■ To do:
Take the records below and set down exactly the lines from the one with "Zákazník požadoval implementaci" to the one with "12PCS Reusable Clear", ends included; do not copy the pictures.

■ Listed entries:

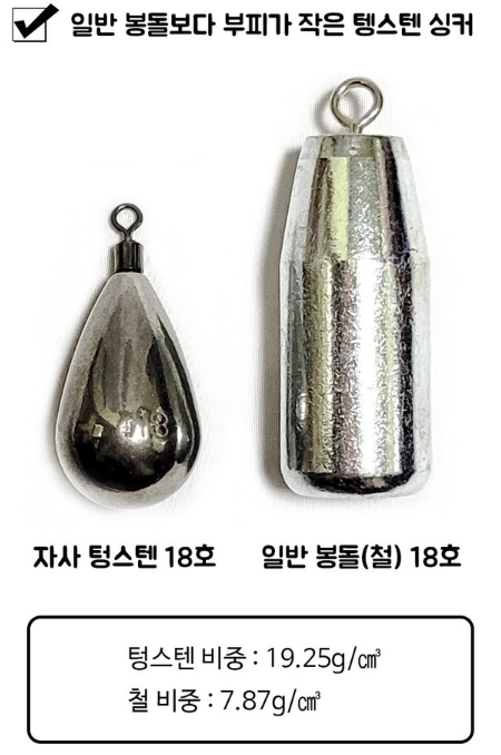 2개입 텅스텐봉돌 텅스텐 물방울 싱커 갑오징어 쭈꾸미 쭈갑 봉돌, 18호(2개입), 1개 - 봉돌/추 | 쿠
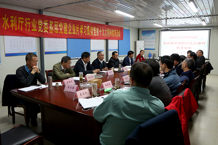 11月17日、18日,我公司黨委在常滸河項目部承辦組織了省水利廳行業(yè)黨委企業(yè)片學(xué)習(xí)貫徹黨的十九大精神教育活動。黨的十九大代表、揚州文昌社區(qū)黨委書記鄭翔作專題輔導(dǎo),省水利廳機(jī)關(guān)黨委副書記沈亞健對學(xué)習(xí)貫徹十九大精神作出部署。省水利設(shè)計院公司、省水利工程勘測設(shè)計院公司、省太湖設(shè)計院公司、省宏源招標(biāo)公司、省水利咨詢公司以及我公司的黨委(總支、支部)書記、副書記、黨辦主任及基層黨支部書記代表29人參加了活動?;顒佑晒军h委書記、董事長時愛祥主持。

==

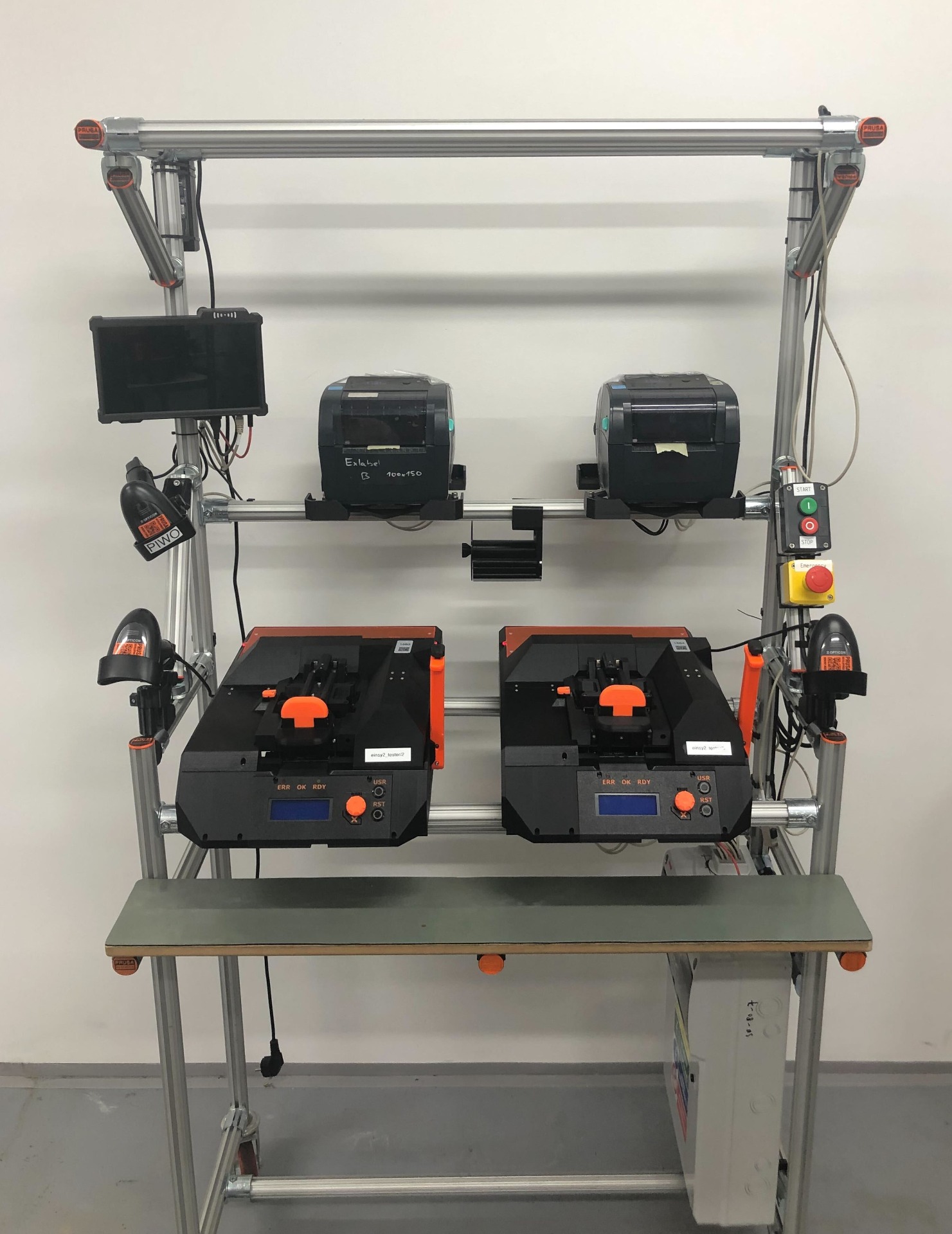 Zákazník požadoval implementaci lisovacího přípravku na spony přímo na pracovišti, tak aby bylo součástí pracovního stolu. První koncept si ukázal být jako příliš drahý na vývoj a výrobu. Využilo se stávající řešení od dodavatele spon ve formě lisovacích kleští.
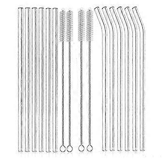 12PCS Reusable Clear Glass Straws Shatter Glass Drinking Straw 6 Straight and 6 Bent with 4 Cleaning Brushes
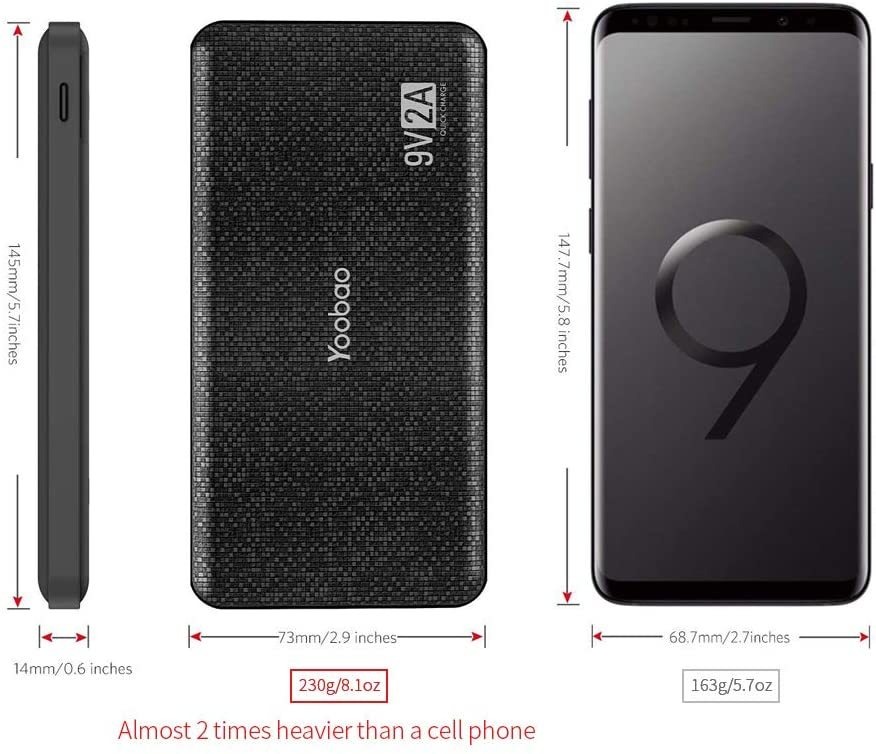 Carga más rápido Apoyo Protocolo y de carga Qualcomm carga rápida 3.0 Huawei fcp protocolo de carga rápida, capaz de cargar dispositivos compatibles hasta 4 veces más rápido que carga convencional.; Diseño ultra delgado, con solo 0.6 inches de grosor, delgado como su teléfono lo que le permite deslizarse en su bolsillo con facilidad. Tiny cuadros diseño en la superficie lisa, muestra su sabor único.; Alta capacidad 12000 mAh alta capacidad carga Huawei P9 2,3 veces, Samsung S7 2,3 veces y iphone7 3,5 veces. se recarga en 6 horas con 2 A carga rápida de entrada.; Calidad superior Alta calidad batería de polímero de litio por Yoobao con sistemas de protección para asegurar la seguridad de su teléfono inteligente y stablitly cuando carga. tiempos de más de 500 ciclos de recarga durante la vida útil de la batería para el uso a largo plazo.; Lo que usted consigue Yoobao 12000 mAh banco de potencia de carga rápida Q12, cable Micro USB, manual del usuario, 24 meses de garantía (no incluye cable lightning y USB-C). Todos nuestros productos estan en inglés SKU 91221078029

...

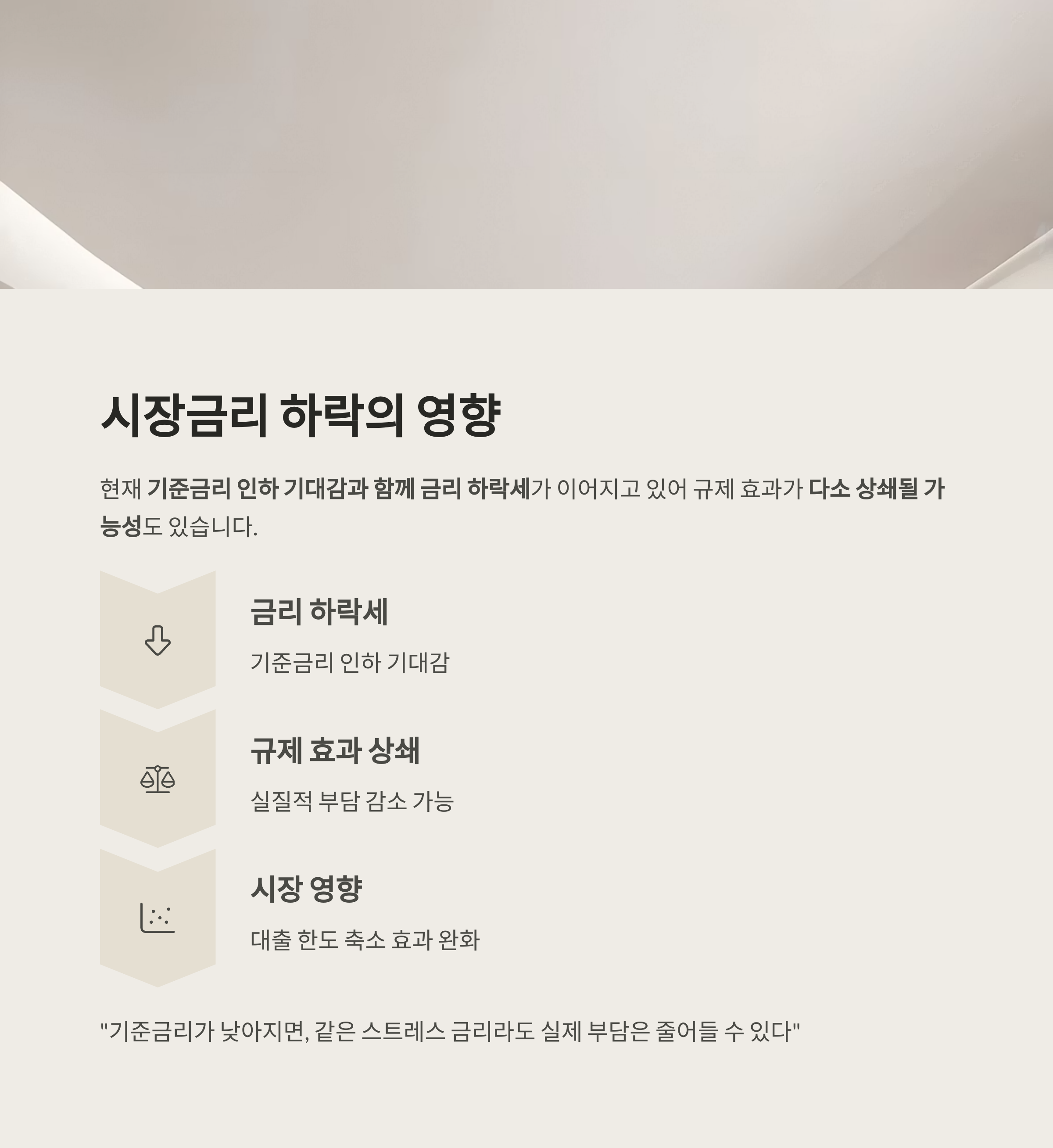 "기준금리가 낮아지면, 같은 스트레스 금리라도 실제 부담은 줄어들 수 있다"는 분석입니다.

■ Task response:
 Zákazník požadoval implementaci lisovacího přípravku na spony přímo na pracovišti, tak aby bylo součástí pracovního stolu. První koncept si ukázal být jako příliš drahý na vývoj a výrobu. Využilo se stávající řešení od dodavatele spon ve formě lisovacích kleští.
 12PCS Reusable Clear Glass Straws Shatter Glass Drinking Straw 6 Straight and 6 Bent with 4 Cleaning Brushes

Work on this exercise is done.